Между тем, пьяные рассуждения немца касались вовсе не рас, религий или наций, их предметом были возрасты. Он ошалел от зависти и в душе его вертелись всевозможные «за» и «против»: «Черт подери, ве-зет же тем, кто не вы-шел еще возра-стом… Им не при-зы-вать-ся… и они могут дома вер-теть всякие… свои шту-ки вместе с ма-те-ря-ми! У них мячи… и трахать они могут кого угодно, и все прочее! Все прочее! А война для них — словно на Луне. Или на Марсе! Несчастье в том, что мы вырастаем! В том, что мы вырастаем! И где это я? Почему я тут, а?! Как я сюда попал?» Вот тут, сообразив, что он еще не успел представиться хозяйке дома, он решительно встал напротив нее и, глядя в сторону, коснеющим ртом выговорил: «Mein Name ist Gunter!» [4]Потом остался стоять как был, в недовольной позе, ожидая от этого своего благодушного представления некоего результата — которого с самого начала просто не могло быть. Расширенные глаза синьоры смотрели враждебно и изумленно, они подозрительно моргнули, когда в комнате раздались незнакомые немецкие слова, для нее не имевшие никакого смысла, но звучавшие грозно и таинственно. Тогда солдат, взгляд которого все больше теплел, вдруг допустил на свое лицо некую краску нежности — дала знать о себе неистребимая привязанность к дому. Он присел на край заваленного вещами столика, всем своим видом показывая, что поступает наперекор собственной воле, вынужденной уступить порыву доверительности — и вытащив из кармана кусочек картона, положил его перед Идой.

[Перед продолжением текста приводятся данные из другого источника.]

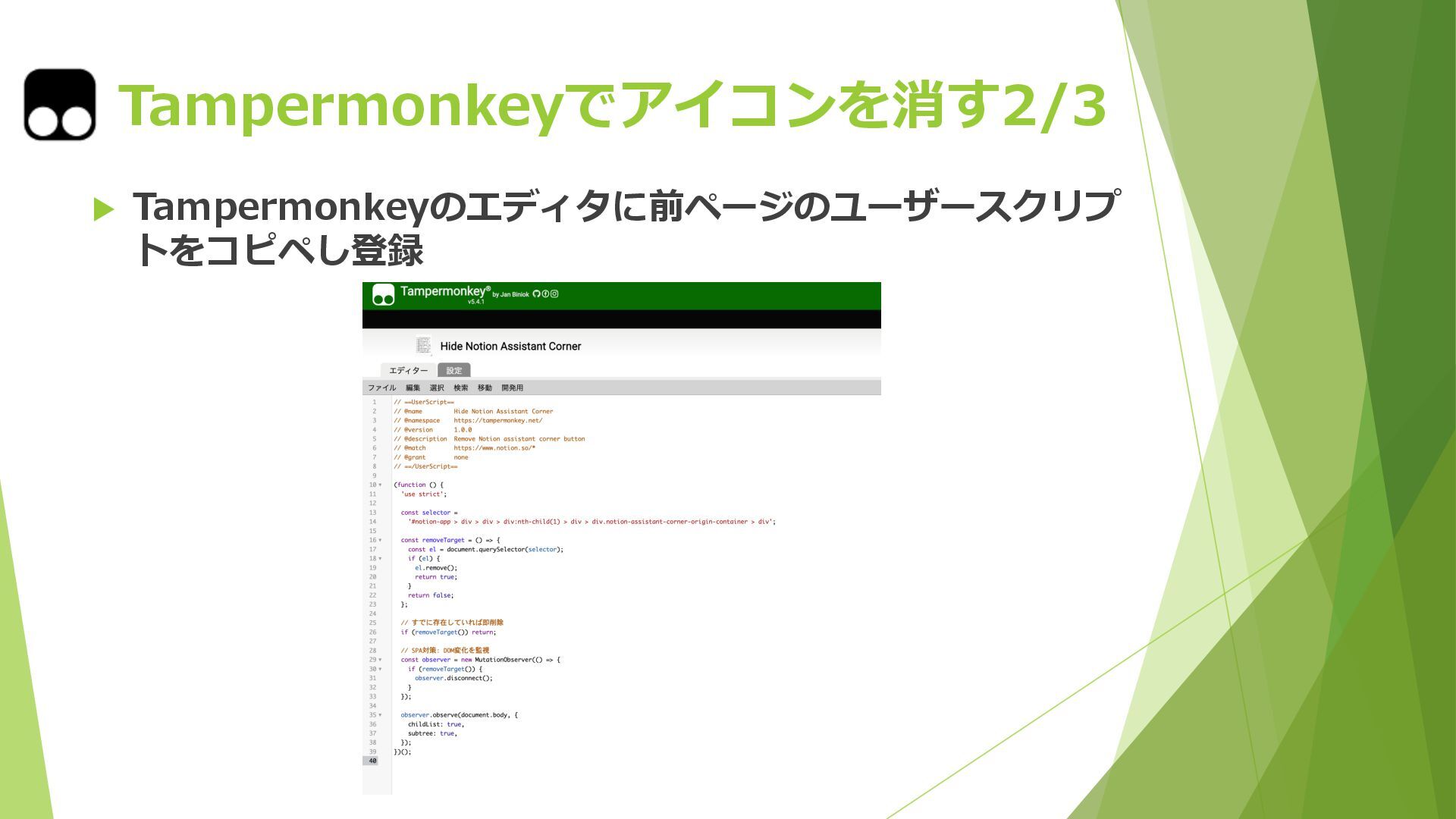 Tampermonkeyでアイコンを消す2/3 u Tampermonkeyのエディタに前ページのユーザースクリプ トをコピペし登録

Она бросила на эту вещицу косой оледеневший взгляд — она думала, что это карточка представителя гестапо, украшенная свастикой, или розыскное фото Ниннуццо Манкузо на бланке с желтой звездой. Но нет, это была семейная фотография, групповое фото, на котором она смутно увидела на фоне домов и камышовых зарослей толстую жизнерадостную немку среднего возраста, окруженную пятью или шестью мальчуганами, порядком уже подросшими. Солдат, скривив губы в улыбке, указал на одного из них, самого рослого, одетого в теплую куртку и шапочку с козырьком, — это был он сам. Потом, поскольку зрачки синьоры блуждали по этой безымянной компании вполне равнодушно, он провел пальцем по пейзажу и небу дальнего плана и сообщил ей: «Дахау».

Тон его при произнесении этого названия был тот, что бывает у трехмесячного котенка, требующего положить его в теплую корзинку. Но слово «Дахау» ровно ничего не означало для Иды, она никогда еще его не слышала, разве что случайно, не фиксируя в памяти… Однако же при звуке этого географического названия, такого невинного и безразличного, тот стихийный и вечно находящийся в пути эмигрант, что теперь жил в ее сердце, шевельнулся и затрепетал. Потом, в панике перепархивая через темное пространство комнаты, он заголосил и принялся хаотически биться о стены в напрасной надежде вырваться.

Тело Иды оставалось безучастным, как, впрочем, и ее сознание, у нее просто слегка дрожали все мышцы, а в беззащитном взгляде застыло выражение категорического отвращения, словно перед нею было некое чудовище. А в то же самое время глаза солдата, темно-синие с фиолетовым оттенком, словом, цвета моря (с континента вы этого цвета не увидите, его можно наблюдать только переселившись на какой-нибудь средиземноморский островок) — глаза эти наполнились непорочностью, которая почти ужасала, ибо была древней, как само время, еще помнившей земной рай. И выражение взгляда хозяйки этим глазам показалось совершенно явным оскорблением. Их тут же затемнила буря, поднятая бешенством. Но сквозь темную пелену гнева просвечивал и некий детский вопрос, на который не ожидалось ответа, все же получить его так хотелось!

Именно в этот момент Ида, сама не зная, почему, принялась орать: «Нет! Нет! Нет!» — голосом истерическим, каким кричат совсем юные девы. В действительности это слово «нет!» она адресовала не ему, и не тому, что было за окнами, а той совсем иной, тайной угрозе, которую она ощущала каким-то внутренним нервом, которая в ней поднялась, всплыв из детских лет, и которую она считала изжитой. Словно вернувшись назад в детство, скользя вдоль времени, которое все сокращалось, пустившись вспять, она вдруг узнала то тяжелое головокружение, те странные отзвуки голосов и падающей воды, которые возвещали ей о приближении ее недуга, когда она была маленькой. И криком своим она теперь протестовала против подобного коварства, которое лишало ее возможности охранять свой дом и своего Нино!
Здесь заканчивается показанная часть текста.